*In freshman Physics, students learn not to report more precision in their answers than can be justified by the facts of the problem. Why are project managers still expected to report bogus completion dates that imply estimating precision that we don’t really have? *

How long does it take you to go from your front door to the gate at your local airport? To be clear, I’m talking about baggage is checked and you are through security and ready to stand in line to board. __Write down an answer in minutes before you continue__. Go ahead, I’ll wait.

To answer that question, you probably made assumptions, either implicitly or explicitly. Is the cab waiting outside? Will weather or traffic patterns slow the commute to the airport? Is it a major holiday with heavy air travel expected?

What was your approach?

- Did you recall the best time you ever made and write that down? That’s optimistic.
- Did you estimate the average amount of time required? How often to you beat the average? If you only allocated that amount of time, how often would you miss your flight?
- Did you adjust your estimate to allow for risk? How often do you think you would miss your flight if you used your risk adjusted estimate?

Reflect on your answers and you will learn something about your estimation process. If you were brave and actually wrote down an estimate, would you want to change it or qualify it now that you think more about it?

This thought experiment is to get you thinking about the variability in estimates. If you are a road warrior like me, you have traveled to the airport hundreds of times. You have a sense of how long it takes, but you also know the grief of missing a flight and screwing up your itinerary. I typically plan to be at security an hour before boarding time and enjoy coffee and a leisurely stroll to the gate where I expect to wait for half an hour or so for my flight.

Look at that lonely little number you wrote down - a lot of information about that estimate is hidden.

Now imagine you are an executive sponsoring a mission critical project.
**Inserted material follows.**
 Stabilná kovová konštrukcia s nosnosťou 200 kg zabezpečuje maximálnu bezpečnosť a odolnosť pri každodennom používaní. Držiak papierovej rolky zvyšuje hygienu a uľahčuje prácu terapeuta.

The project will take millions of dollars and consume significant resources. You ask the project manager when the project will be completed. They respond with a date eighteen months in the future,

**“January 26th, 2023” **

Pretty specific, isn’t it? What estimation information is hiding in that answer? How many hundreds of smaller tasks with imprecise estimates were aggregated to create that particular answer? Were the smaller component estimates optimistic or pessimistic? Has the project manager added a risk adjustment to each of the subordinate estimates? Have they added a risk adjustment to the final answer? Did they take their best guess and double it?
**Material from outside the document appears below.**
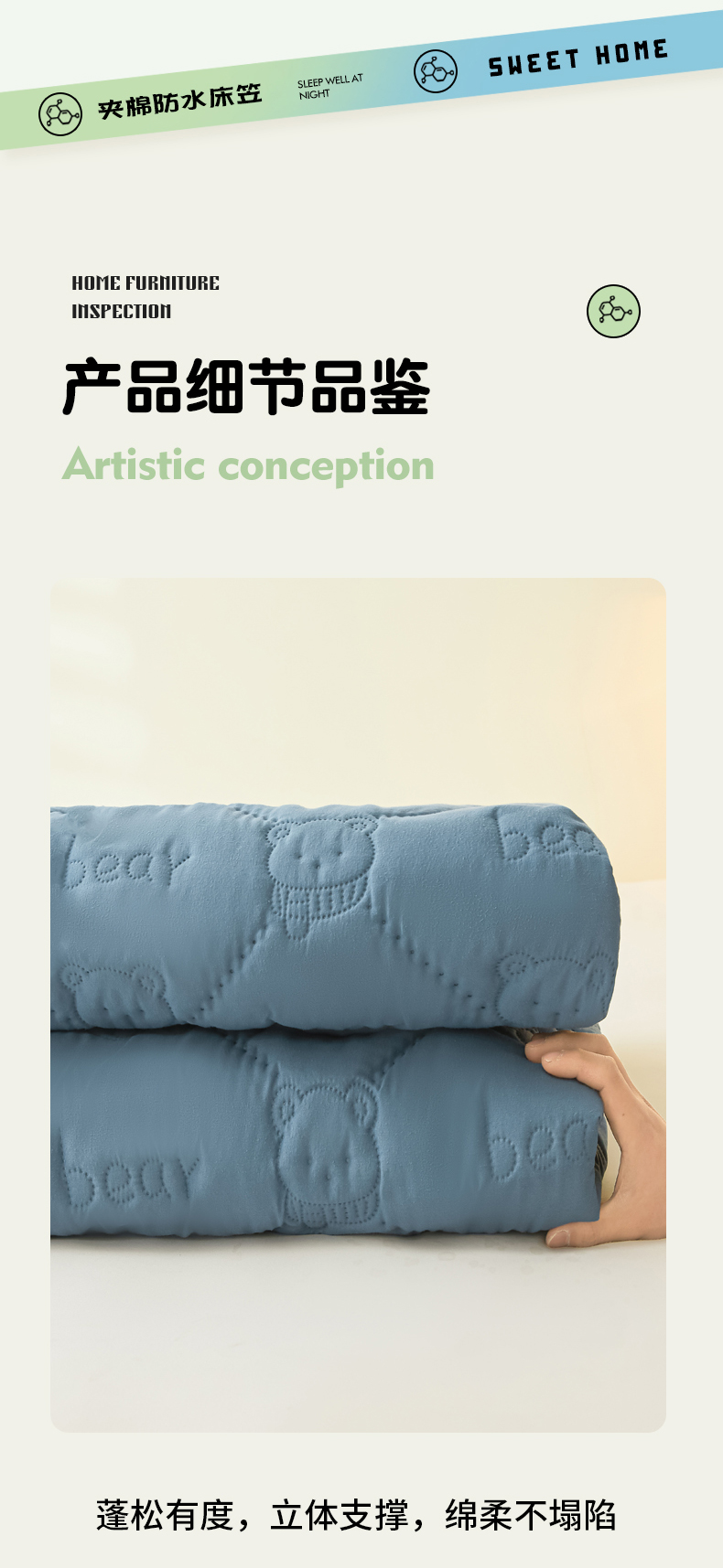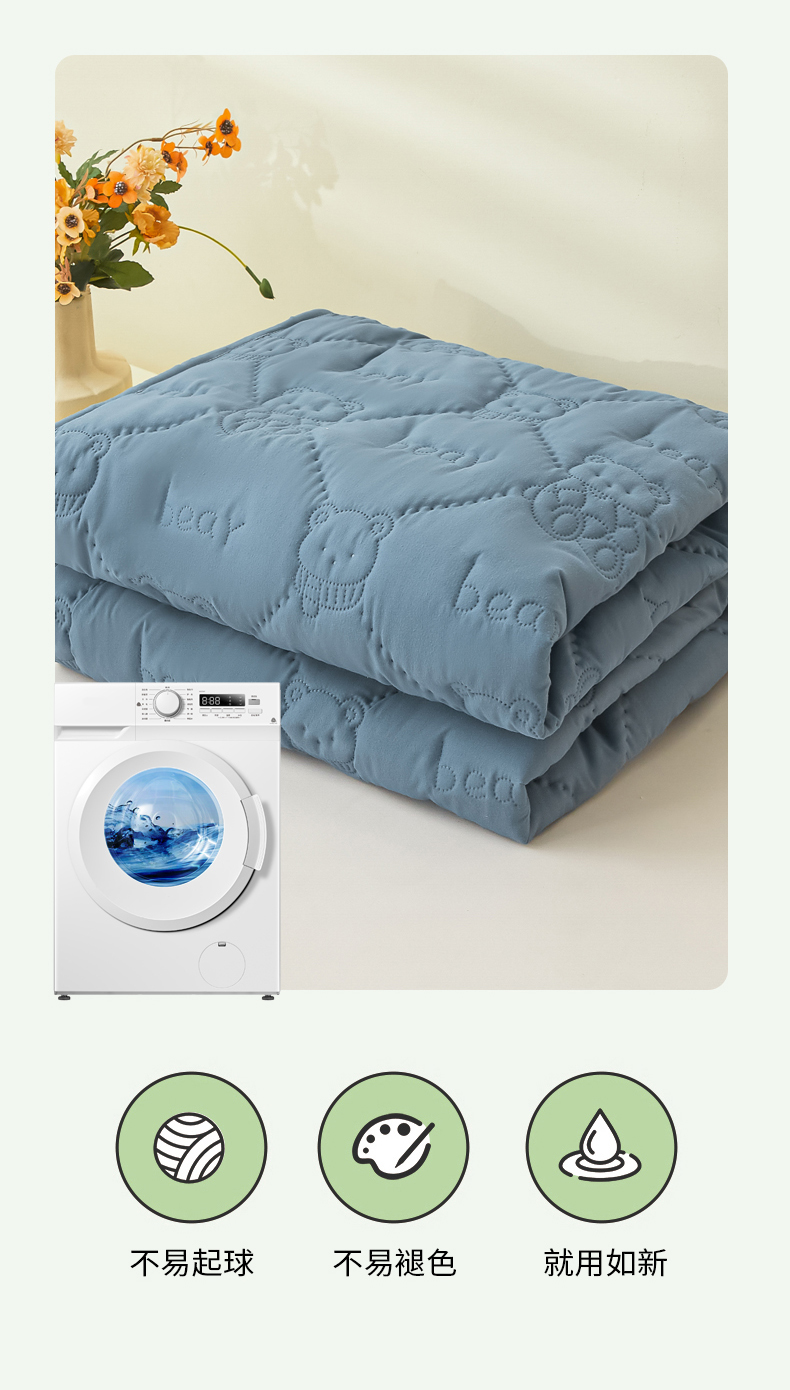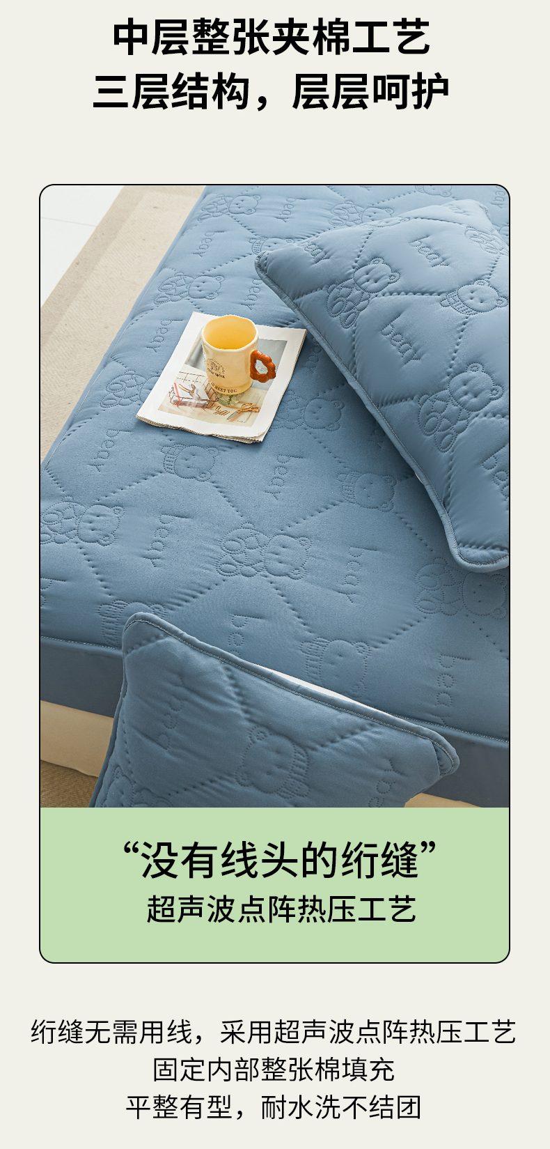 • 91家纺网 家纺一手货源 找家纺 LIFE.丽芙 2025新款磨毛单件超声波小熊夹棉防水床笠三件套 小熊防水夹棉床笠-宾利蓝

Executives are rarely ignorant, but they may not have the project management expertise to even know to ask questions like that. A project manager could bury an executive with footnotes and pages of assumptions to better document the context of the answer – but that would likely be overwhelming and not terribly helpful.

What if we could help executive sponsors understand that there is no such thing as a “precise estimate” while still providing an answer to their reasonable question about how long the project will take?

Let’s start by looking at an individual task. Imagine your estimator told you that fastest (best-case) that a task could be done in was 11 days, likely duration was 18 days, worst-case was 28 days. I’ve graphed the task duration on the X-axis below. Then I superimposed a triangle to represent the probability of any specific outcome on the Y-axis. You can see that the best and worst-case outcomes are not very likely, but they are possible. The nominal-case is the most likely outcome. Inside the triangle, I’ve put the numbers 1 to 100 to help visualize. We could simulate the duration of this task by generating a random number between 1 and 100 and looking up the corresponding duration.

If you are a nerd like me, you could open Excel right now and enter the formula

=randbetween(1,100)

Then copy and paste it a dozen times to generate hypothetical durations for this task. The number generated isn’t the duration, but if you look your answer up on the triangle, you will find a corresponding duration at the bottom. Hit recalculate a few times and you should see that most of the answers are near the likely case, with some outliers.

Now imagine all project tasks in a network. Using a simulation, we could “do” the project by telling the computer when the project started and having the computer randomly generate an “actual” duration for each task from the estimates. The result would be a date and time of project completion after we accumulated all the durations.

Now imagine we ran that simulation 10,000 times, generating different random numbers each time. The output would be 10,000 end dates, which we could graph to show a more nuanced prediction of how long the project will take. This is called a “Monte Carlo Simulation”.

There are several tools that can provide a version of the graph shown below.

The X-axis here shows the completion dates. The right Y-axis shows the frequency of the given end dates from the simulation data. The left Y-axis shows the cumulative probability distribution – a fancy way to answer the question, “How likely is it that the project finishes on or before the given date?” This corresponds to the red hill climber that starts at zero on the left side of the figure and climbs to 100 by the time it gets to the right.

Would this picture be more helpful to you as an executive than a point estimate like “January 26th, 2023”?

Might this graph encourage more focused conversations about what is driving the variability?

What if the market changes suddenly and the schedule must be reduced – would this provide a focused area to search for solutions?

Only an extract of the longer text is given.